Embryonic stage at the time of biopsy. Percentage of embryos that were biopsied at each embryonic stage. The blastomere biopsy was performed 67–73 h after insemination. CM compact morula
In order to analyze the effect of blastomere biopsy on the timing of embryonic events, we first confirmed that the study and control groups had a similar preinterference developmental rate. There were no differences in the prebiopsy parameters between the study and control groups (Supplemental Table 1).
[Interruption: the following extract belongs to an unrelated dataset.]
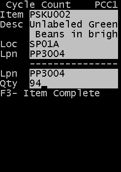 Las tareas se emitirán por orden de ID de ubicación de línea rápida y de número de artículo. Cuando el operador finalice un recuento, el mismo artículo volverá a mostrarse para someterse al recuento otra vez. Esto permite que el operador registre más de una ID de palet para el artículo en la ubicación. Una vez que hayan finalizado todos los recuentos del artículo, el operador pulsa la tecla F3 para indicar al sistema de que puede proceder con la siguiente tarea.

The effect of blastomere biopsy on the subsequent embryonic development was first analyzed on all biopsied embryos by comparing two postbiopsy embryonic stages: the first signs of compaction (t M) and the time of blastulation (t SB, defined in Materials and methods section). When analyzing the median timing of the postbiopsy events, the results showed that a blastomere biopsy significantly delays the compaction of biopsied embryos compared to the control embryos (t M= 83.6 (IQR 77.8 to 89.7) h vs. 79.5 (IQR 72.9 to 86.9) h, respectively; P < 0.001). A recovery of the developmental rate was observed at the time of blastulation and with no significant difference between the groups [t SB= 100.6 (IQR 94.9 to 107.1) h vs. 99.5 (IQR 94.4 to 105.6) h, respectively; P = 0.16] (Fig. 2). However, this analysis included embryos that were biopsied at different developmental stages (six-cell to eight-cell stage), which may mask the effect of embryo biopsy on the subsequent developmental events.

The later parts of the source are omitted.